Он обогнул ее, когда процессия танцоров с мечами прошествовала вниз по улице. Их клинки сплетали серебряную сеть вокруг них, сквозь которую последователи Лоэка кружились и кувыркались. Дикие радостные крики эхом отражались от зданий, и музыка вздымалась громче, когда толпа аплодировала их мастерству.

Женщина схватила его за руку, когда воины двинулись прочь, ведомые обнаженным лидером скрывающим лицо под багровой маской Кхейна.

– Их мечи окровавлены, – сказала она.

– Нет, это всего лишь отсвет факелов.

Она схватила его сильнее.

– Ты ошибаешься. Мечи Кхейна всегда окровавлены. Труды Ваула никогда не завершатся , и многие из них бесконечно хитрое оружие, котрое он сотворил для борьбы с Тёмным Принцем. И не успев выйти из кузницы, они уже становятся окровавленными.

– Я не вижу крови, – сказал он. – Только прекрасный, серебристо-белый итильмар.

– Ты не видишь крови, потому что ты не познал горе так, как я познала его. – ответила женщина.

Гнев овладел им, и его ладони сжались в кулаки. Его сердце совершило скачок, побуждаемое желанием ударить ее, чтоб показать ей, насколько хорошо ему была знакома скорбь. Он посвятил все, что имел, служению Ультуану, и этого все еще было мало. Никто не знал, сколь страшную цену он заплатил, чтоб сохранить эти земли в безопасности, и она полагала, что утрата одного возлюбленного может перевесить его боль?

– Твой гнев станет твоим уничтожением, – сказала она, и его ярость отхлынула, так что он почувствовал, что может говорить, без желания наброситься на нее.

– Мне знакома скорбь, – ответил он, цедя каждое слово сквозь зубы.

– Тебе знакомо смертное горе, – промолвила она. – Когда же ты должен наблюдать, как прекрасные дети, которых ты любишь больше всего на свете, увядают и умирают на протяжении вечности, тогда ты познаешь истинную муку.

В Иврессе было более чем достаточно горюющих вдов и матерей – гоблины, друкаи и люди поспособствовали этому. Каждая семья в городе познала горечь утрат, а белых плащей скорби на улицах встречалось куда больше, чем ярких шелков на последнем фестивале в Лотерне. Он помнил смерть своего отца, за которым быстро последовал черед брата. У него не было времени на скорбь, ведь потребности войны не оставляли времени на горе. Оковы долга вели его, и жизнь, которую он знал, обещавшая возвращение Золотого Века, осталась лишь глубоко в памяти. Эта женщина всего лишь отвлекала его внимание, что раздражало, а он потратил на нее в пустую слишком много времени. В любом случае, печаль, что пошатнула ее разум была ему не интересна, и он отступил назад.
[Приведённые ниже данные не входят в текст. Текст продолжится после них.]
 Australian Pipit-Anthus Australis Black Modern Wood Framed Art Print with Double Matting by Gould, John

– Я должен вас покинуть, леди, – сказал он. – Мне жаль ваших потерь, но есть долг, который я обязан выполнить этой ночью.
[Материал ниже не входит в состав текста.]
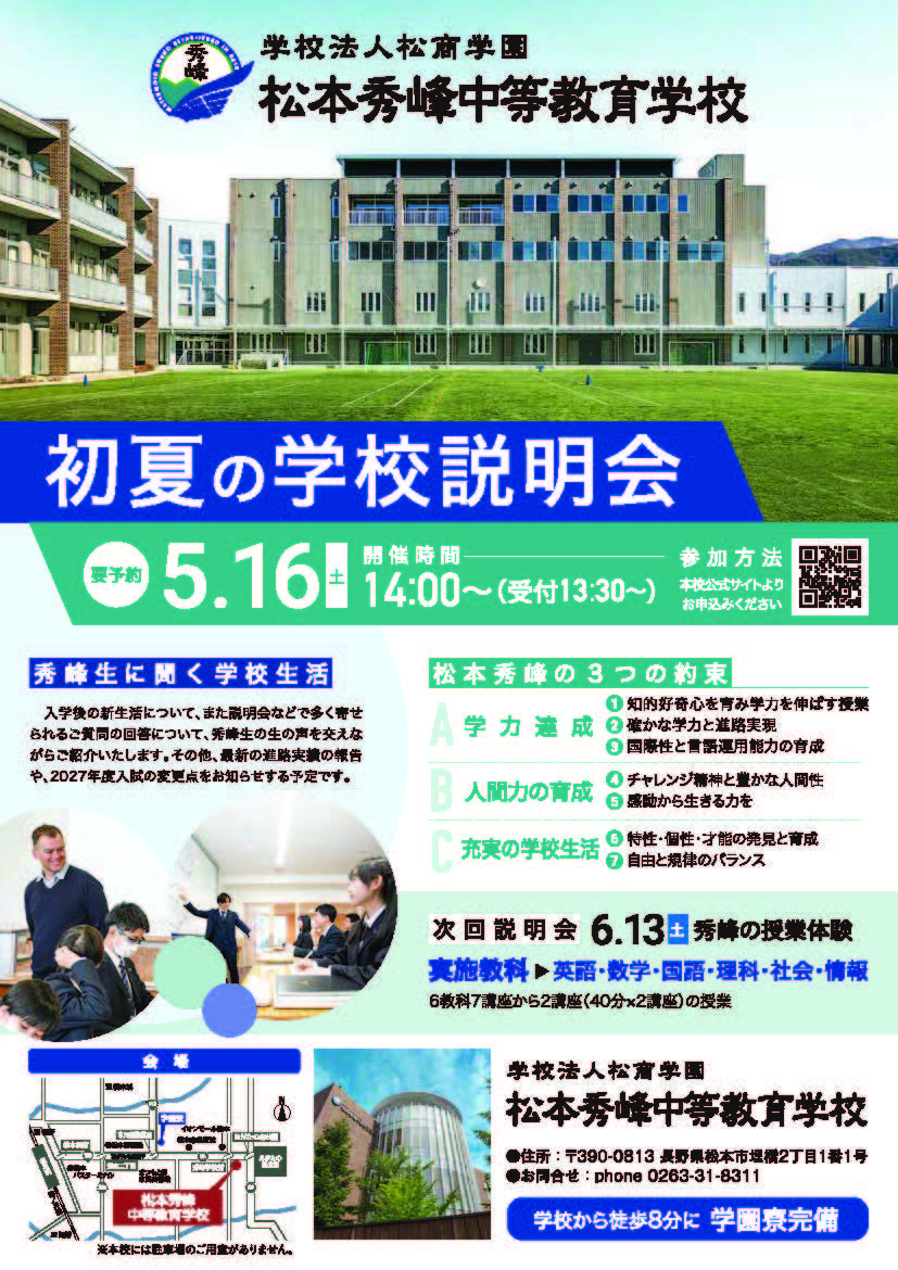 5月16日(土)初夏の学校説明会ご案内

– В ночь фестиваля? – Спросила она. – Тор Иврессе пролил достаточно слез за год, не следует марать эту единственную ночь такой мишурой, как долг. Весь год эти люди скорбят и идут по жизни, словно тени самих себя. Позволь им в эту единственную ночь почувствовать, что они живы, в невоздержанных действиях и провести несколько часов не страшась о будущем.

– Им следует бояться будущего, – огрызнулся он, более не следя за тем, оскорбляет ли он ее своей грубостью. – В будущем лишь кровь и война, смерть и горе. Это все, что есть сейчас, и то, что будет всегда. Верить во что-либо еще бредово.

Он развернулся и двинулся дальше в толпу, игнорируя предложения к совместному времяпровождению от обнаженных эльфов и эльфиек. Их разрисованные тела корчились в сиянии волшебного света над городом, а ритм музыки ускорялся, чем ближе он подходил к центру. На углах улиц, он слышал обрывки стихов, отраженное эхо песен менестрелей. Его сердце черствело всякий раз, едва он замечал мимолетные проблески веселья, каждый клочок эха ненавистной баллады, вызывавшей в нем чудовищные мучения. Баллады о величайшем сражении города. Куда бы он не взглянул, он видел глаза, блестевшие от слез, но не слез скорби и пустоты – это слезы проливались от вновь обретенной надежды и обещаний лучшего будущего.

– Глупцы, – прошипел он, наблюдая, как пары раскачиваются в такт песне.

– Считаешь глупым верить в то, что все может наладиться? – Спросила женщина появившись сбоку от него. Он вздохнул.

– Я когда-нибудь избавлюсь от тебя?

– Никогда, – ответила она со смехом, подобным звону серебреных колокольчиков. – Таковая моя природа, упорно верить, что весенняя надежда придет на смену зимнему отчаянию.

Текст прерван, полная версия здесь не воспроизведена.